Two prominent senators have raised concerns about recent guidance from the Treasury Department that explains how banks can provide services to marijuana-related businesses without running into trouble with federal authorities.
The department’s Financial Crimes Enforcement Network, known as FinCEN, released guidelines in February saying banks must confirm that their pot-selling clients are licensed and registered with their states and ensure that their activities would not violate state laws or trigger enforcement actions by the Justice Department, among other recommendations.

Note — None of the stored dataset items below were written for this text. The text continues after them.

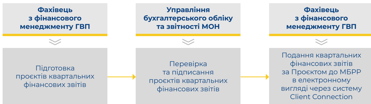
Схема 1. Процес підготовки та подання фінансової звітності спеціального призначення за Проектом

Підготовка фінансової звітності спеціального призначення за Проектом за 2024 рік здійснювалася відповідно до положень Угоди про позику, посібників № 1040 та № 1708 за участю залученого консультанта 2 та працівників структурного підрозділу МОН 3 (схема 1).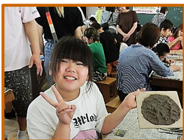
【のぞみ学級:陶芸体験をしよう】

「なりたい自分(夢)」を見つけることや、それを目指して学力をつけたり運動したりすること。自分の夢やがんばっている姿を周りの人が認めてくれること。「なりたい自分」が変わったりなれなかったりしても、新しい「なりたい自分」を見つけられる「くじけない心」をもつこと。そんな自分を家族や友達、先生に「認めてもらうこと」などなど、日々の学校教育活動は子どもたちが将来幸せになるためのものばかりです。子どもたちの「幸せ」のために、本校の教育活動にご理解とご協力賜りますようお願いいたします。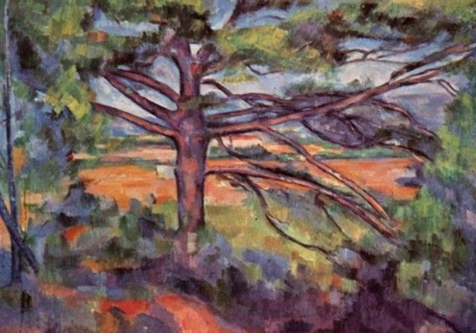
Поля Сезанна «Большая сосна на фоне красных полей»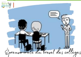
Épreuve orale du brevet des collèges

Afin d'aider les élèves qui ont choisi de présenter une partie de leur épreuve orale du brevet des collèges dans une langue étrangère à obtenir le bonus de 20 points possible, ils participeront à des séances de préparation :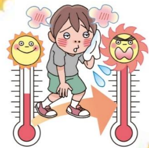
きゅう あつ ひ 急に暑くなった日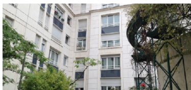
Avenue de la Cristallerie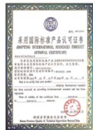
采用国际标准产品认可证书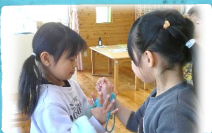
あやとりマジック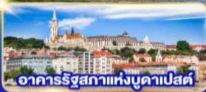
อาคารรัฐสภาแห่งบูดาเปสต์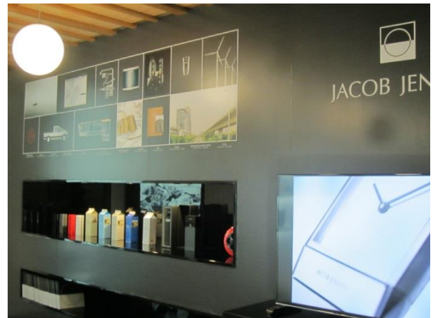
圖 9&10 曼谷 KX 新創聚落，進駐團隊多元，丹麥設計公司也在此設點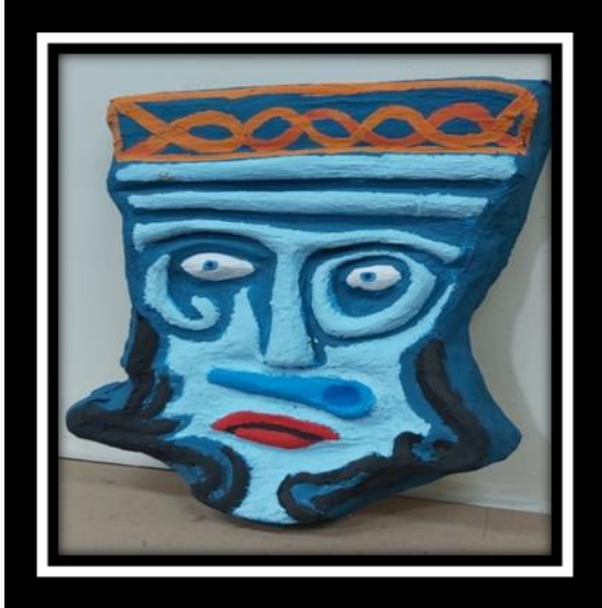
شكل رقم (18)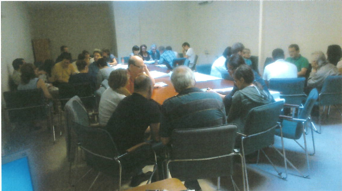
Csoportmunka a projektindító napon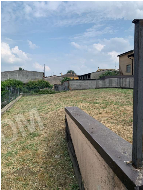
VISTA SUB 47 – AREA URBANA F1 VERDE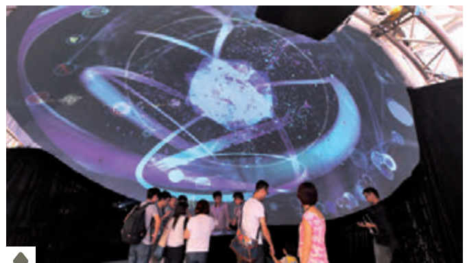
project: syntropy's 沉浸式全球幕娱乐剧场，配有互动多点触控圆桌，适用于文化，休闲，活动，展会等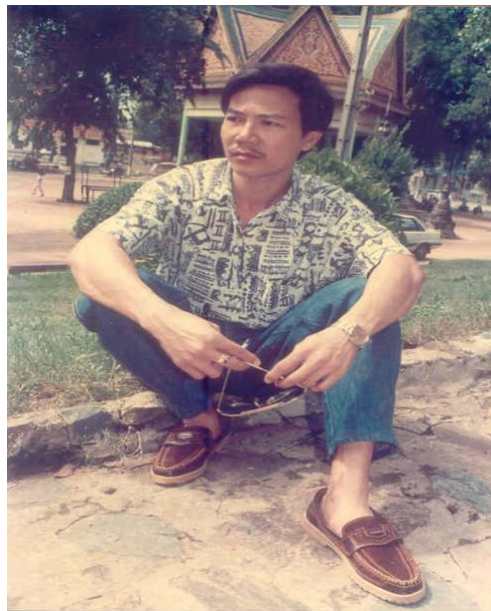
Năm 1.993 khi đến Phnom Penh – Cam Bốt lần thứ hai.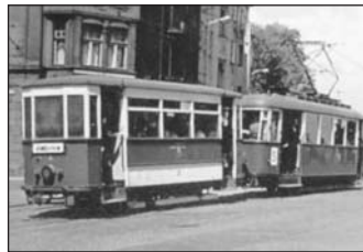
Tramvajové soupravy motorových vozů MT6 s vlečnými vozy patřily v šedesátých letech 20. století v Ústí nad Labem k nejspolehlivějším. Souprava jede vzhůru dnešní Masarykovou ulicí směrem na Bukov a Všebořice.

Rozvoj dopravy a zájem okolních obcí umožnil stavbu dalších tratí i mimo katastr města. S tím souvisela rovněž změna firemního názvu z Ústecké pouliční dráhy na Ústecké malodráhy. Nejprve byl dokončen okruh ve vnitřním městě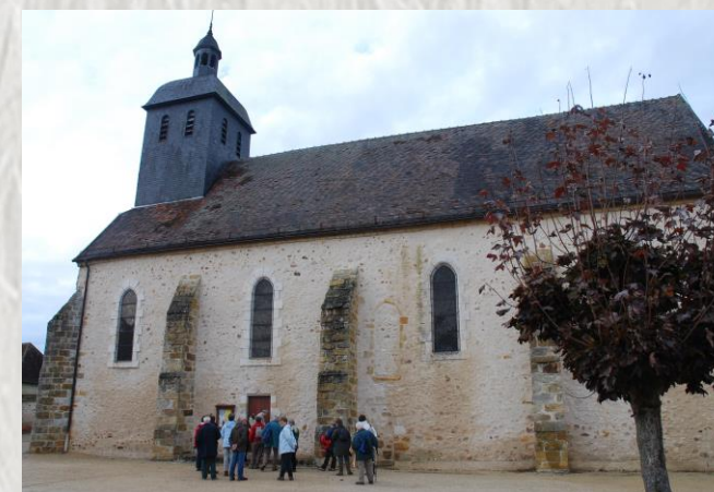
L'Église des Ormes sur Voulzie

Du sommet du tertre de l'église de Paroy, découvrez les collines du Montois et le vallon de l'Auxence. Plus loin, vous visiterez le Provenois et les moulins de la vallée de la Voulzie.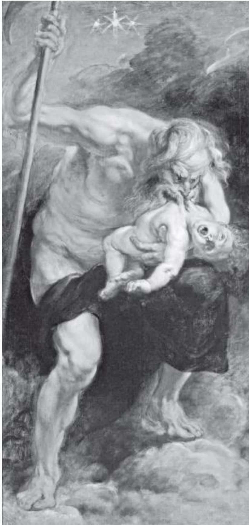
Питер Пауль Рубенс. Сатурн, пожирающий Сына. 1636–1638 гг.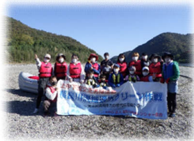
▲岐阜市会場（E ボートで漂着ゴミ回収）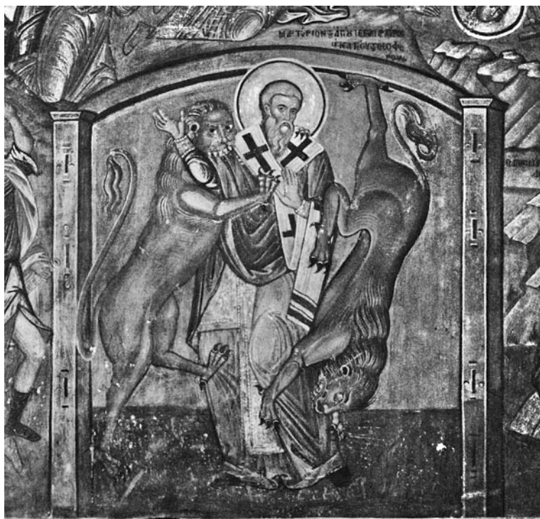
Сл. 5. Стїрадање свейїої Иї҃҃айїї҃ја Боїоноса, їриїрайїа манасїїра Куїїлумуша, Свейїа Гора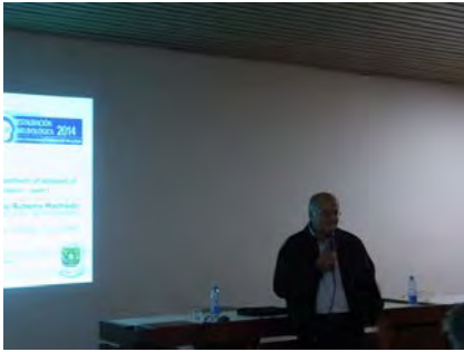
Ponencia Cirugía de Epilepsias en edad pediátrica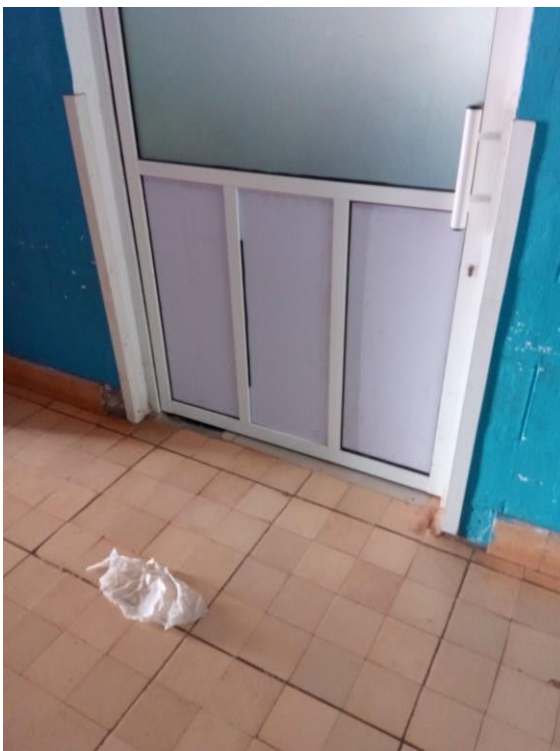
Versteviging gemaakt in toegangsdeur recovery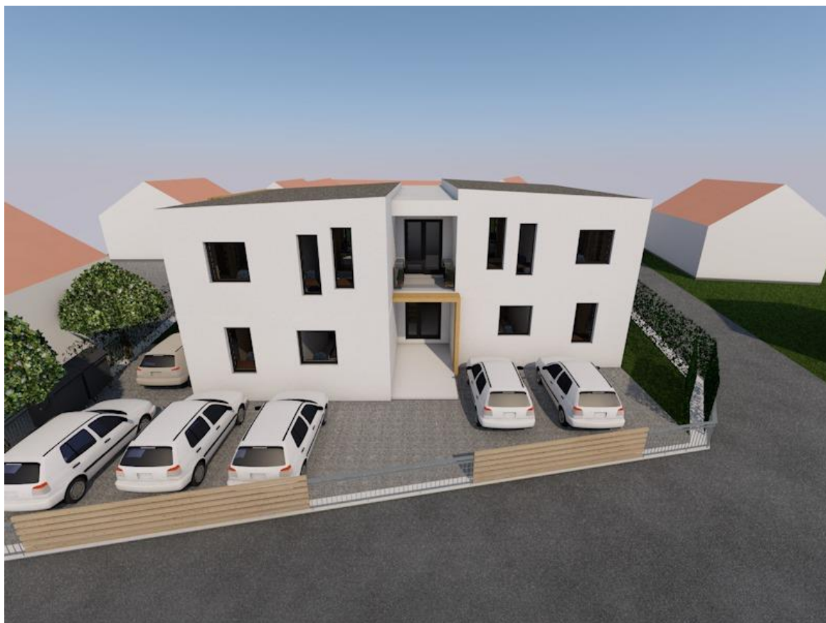
Slika 1.1. 3D Prikaz višestambene jedinice

Važno je napomenuti da projekt još nije započeo s gradnjom te je planiran početak gradnje u jesen tekuće 2024. godine. U ovom radu bit će obrađeni podaci iz glavnog projekta, koji će poslužiti kao temelj za izradu organizacije građenja. Analizirat će se cijene materijala, troškovnik, kalkulacije cijena te tehnički opis građevine s pratećim grafičkim priložima. Cilj je stvoriti detaljan plan gradnje koji će osigurati uspješno izvođenje projekta u skladu s zadanim vremenskim, financijskim i kvalitativnim ciljevima. 3D prikaz građevina možete vidjeti na slikama 1.1, 1.2, 1.3,

Sens. Chuck Grassley (R-Iowa) and Dianne Feinstein (D-Calif.) issued a letter to FinCEN Director Jennifer Calvery on Tuesday challenging the agency’s authority to “offer regulatory guidance on illegal activity.” They said the move “turns FinCEN’s mission on its head.”
The lawmakers, who head the Senate Caucus on International Narcotics Control, asked FinCEN to answer a series of questions about the basis and implications of its guidance.
“Congress and the president may reconsider marijuana’s legality, but until federal law is changed, selling marijuana, laundering marijuana proceeds, and aiding and abetting those activities all remain illegal,” the letter said.
Twenty states and the District of Columbia allow marijuana-related activity to one degree or another, with Colorado and Washington state legalizing the drug while other jurisdictions allow it for medicinal purposes.
The Justice Department announced last summer that it would not challenge state laws that have legalized production, sale, possession and recreational use of marijuana.
Deputy Attorney General James Cole issued a memo in February saying marijuana was still illegal under federal law, but that the department would focus its enforcement efforts on limited priorities such as preventing sales from benefiting criminal groups such as gangs and cartels and thwarting attempts to transport the drug between states where it is legal and illegal.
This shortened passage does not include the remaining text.